WASHINGTON — Researchers with the Medicare Payment Advisory Commission are measuring the quality of care delivered by physicians as part of an overall analysis of physician resource use.

"We hope to look at variation in quality performance, to do this across conditions, regions, and to some extent across specialties," Karen Milgate, a research director for the commission (MedPAC) said at a recent commission meeting. "We also hope to identify any gaps in quality measurement development that we can."

The ongoing research supports the commission's long-term goal of identifying more "efficient" providers, as a tool to encourage greater efficiency in care.

Variation in resource use may include cost of a service, types of services provided, or types of specialists that patients see, Ms. Milgate said in an interview. It could also mean variation in resource use across regions.

Using preliminary computer models, MedPAC researchers found variation in the cost of certain conditions.

For example, treatment of end-stage renal disease is fairly well defined, as the patient either requires long-term dialysis or a kidney transplant to stay alive. For that reason, average versus median costs for end-stage renal disease episodes don't vary that much, said MedPAC researcher Niall Brennan.

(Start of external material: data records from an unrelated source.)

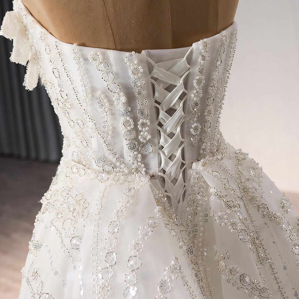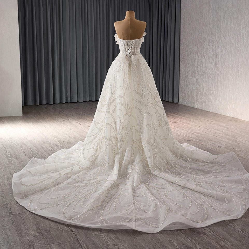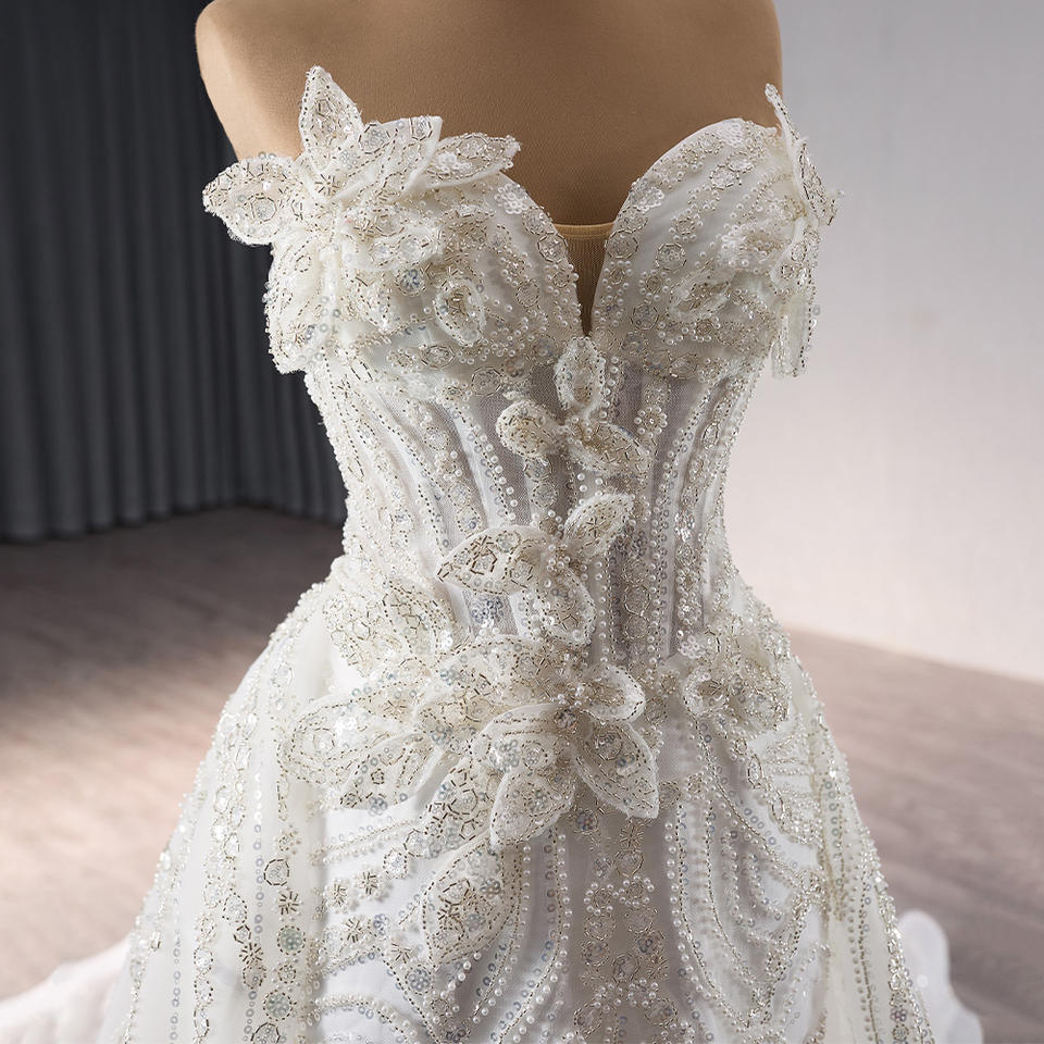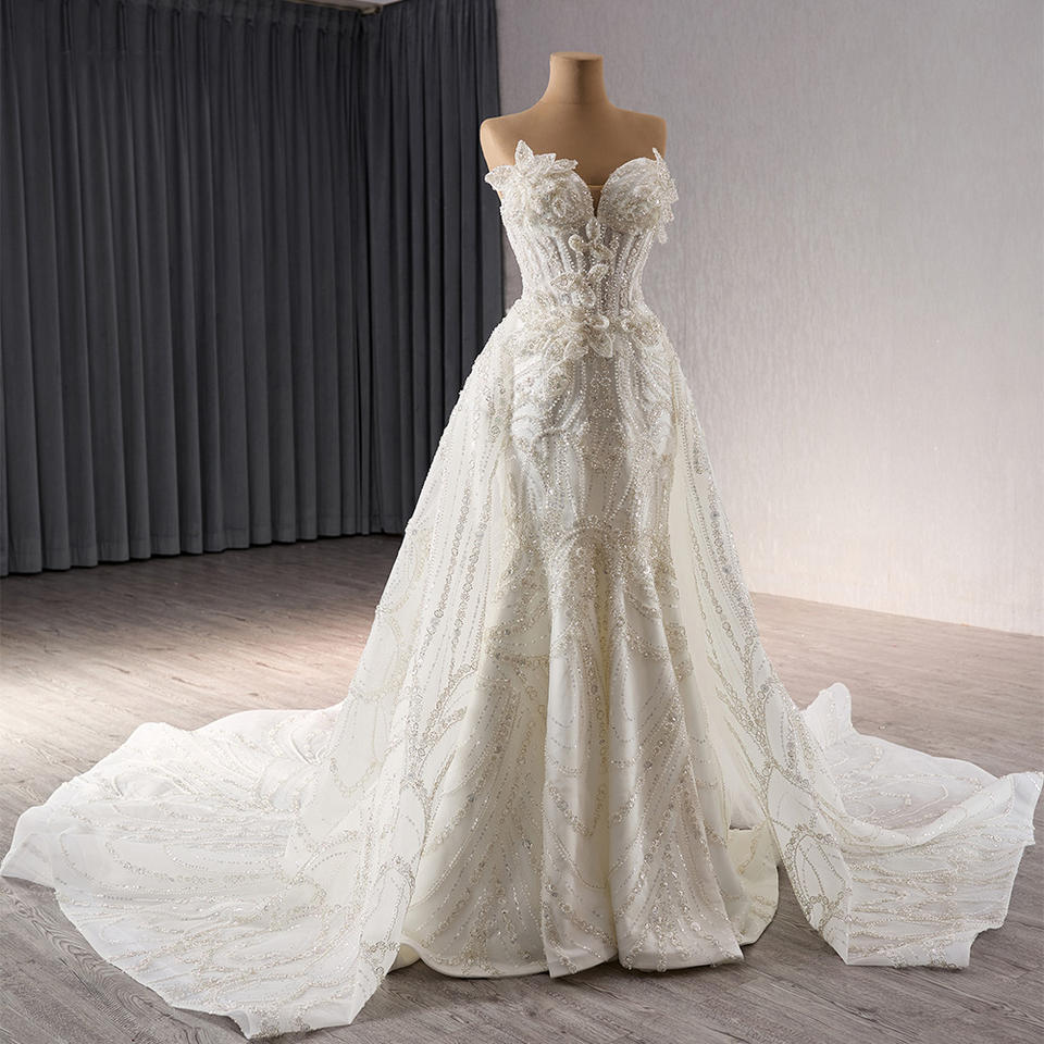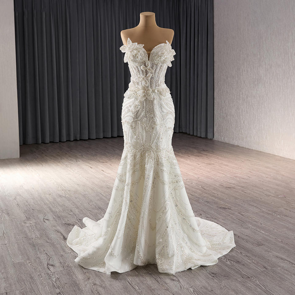 For 241092 Natural Waistline Party Heavy Beaded Sweetheart Mermaid Wedding Gowns Chapel Train Ruffles Pleat Anti-static
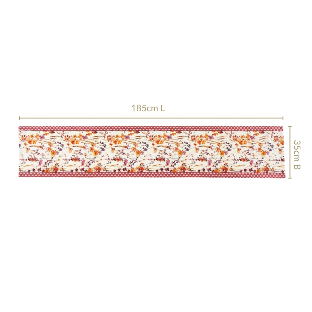 Add a burst of seasonal charm to your dining space with this delightful floral table runner. Perfectly sized for a 6-seater table, it showcases warm autumn colours and an appealing design. An acrylic coating makes this fabric water and stain-resistant.
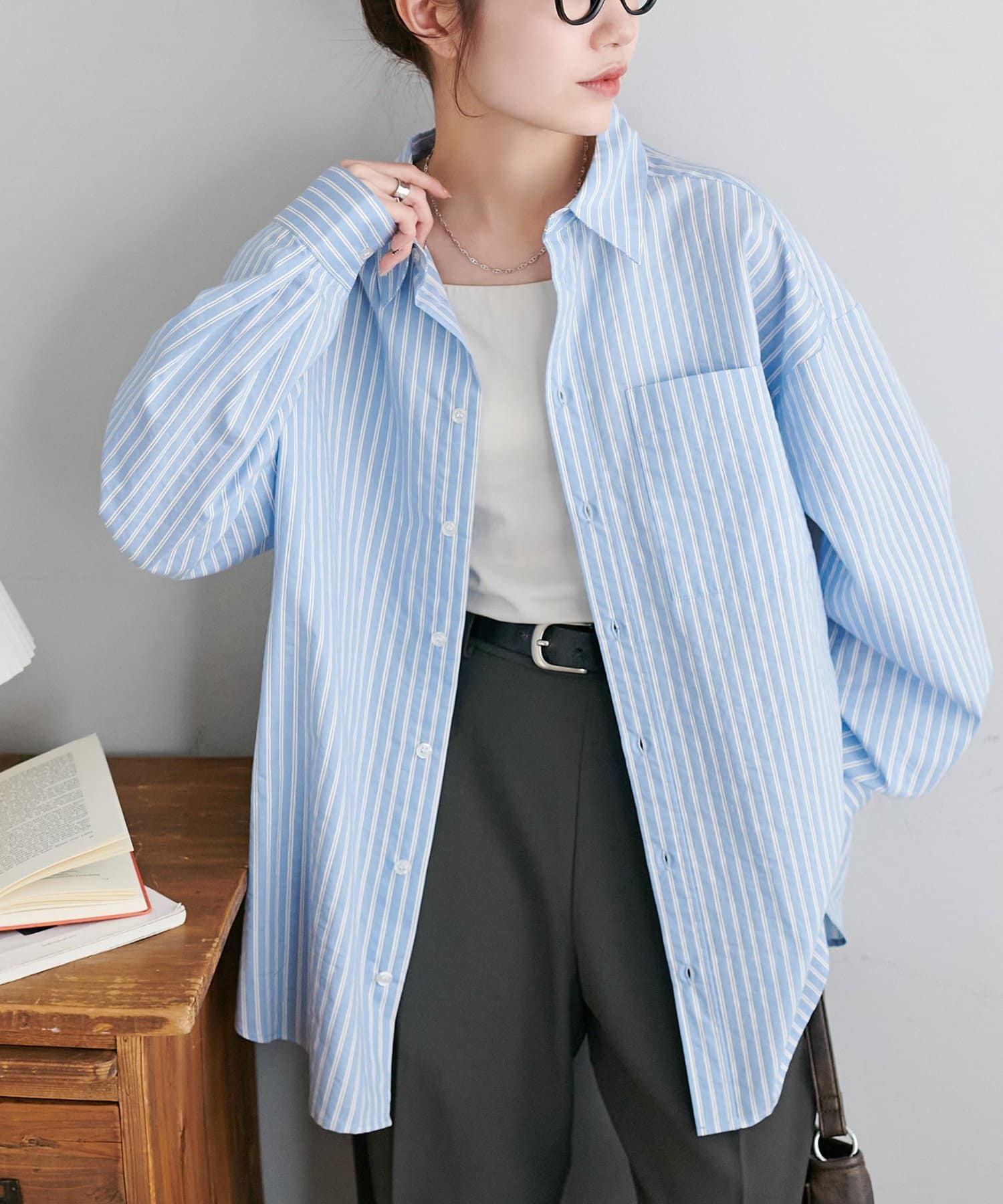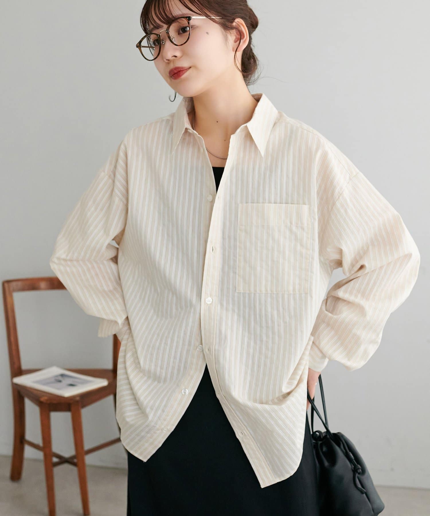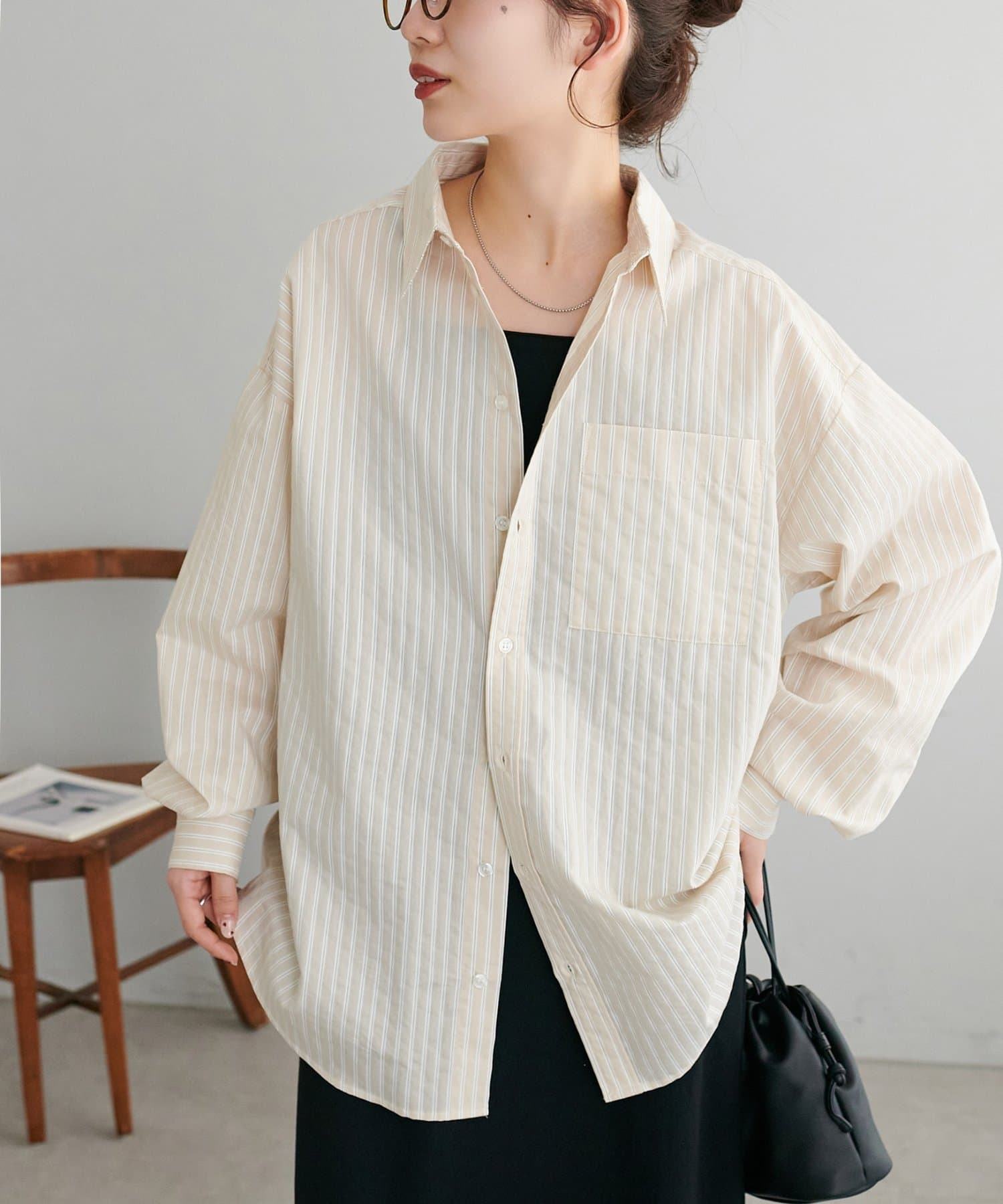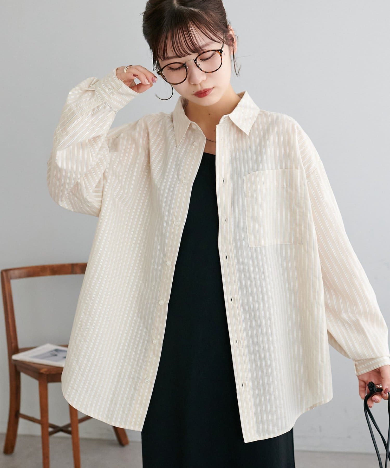 【Enlude/ユニセックス】シアーストライプシャツ

Significantly more variation in cost was seen in the care of hypertension, diabetes, and heart failure. In areas where there is tremendous variation in resource use, "we might want to [see] if there are any guidelines in those areas that would better help us understand appropriate resource use levels," Ms. Milgate said.

MedPAC could identify conditions with variation in resource use where there might also be high variation in quality, Ms. Milgate said. Those might become priority areas for coordination of care.

Researchers hope to address questions such as "how do you attribute the care of a particular beneficiary to a specific physician?" she said. The minimum number of cases needed to get a reliable measurement and with whom you actually compare a physician's performance are other considerations, Ms. Milgate said.

Ms. Milgate clarified that these claims-based measures would not necessarily be used in a pay-for-performance system.

"That's a pretty easy decision because we don't have that information" yet, she said. Researchers are planning to base this analysis on currently available information: claims data.

More than 35 indicators on conditions important to Medicare will be used to measure quality, Ms. Milgate said. "Most of them are primarily what we've talked about before as process measures. For example, for beneficiaries with coronary artery disease, did they have an annual lipid profile?" Outcomes measures would also be used. For example, for beneficiaries with diabetes, what proportion of them ended up in the hospital with short- or long-term complications that were related to their diabetic conditions, she said.

MedPAC earlier this year advised the Department of Health and Human Services to test different types of provider payment differentials, which would essentially offer monetary rewards—bonuses, for example—for meeting certain goals on health care quality.

MedPAC Chair Glenn M. Hackbarth, J.D., said he hoped that Congress was prepared to move ahead with pay-for-performance legislation. Several bills are pending to link relief from the sustainable growth rate formula to the implementation of a pay-for-performance system for physicians, he said.

"Obviously we support both ends of that bargain. We have argued that in order to assure access to quality of care, there does need to be some relief from the SGR. But at the same time, we think that it should be not just more money into the existing system, but one that consistently, in a more focused way, rewards good practice and quality of care."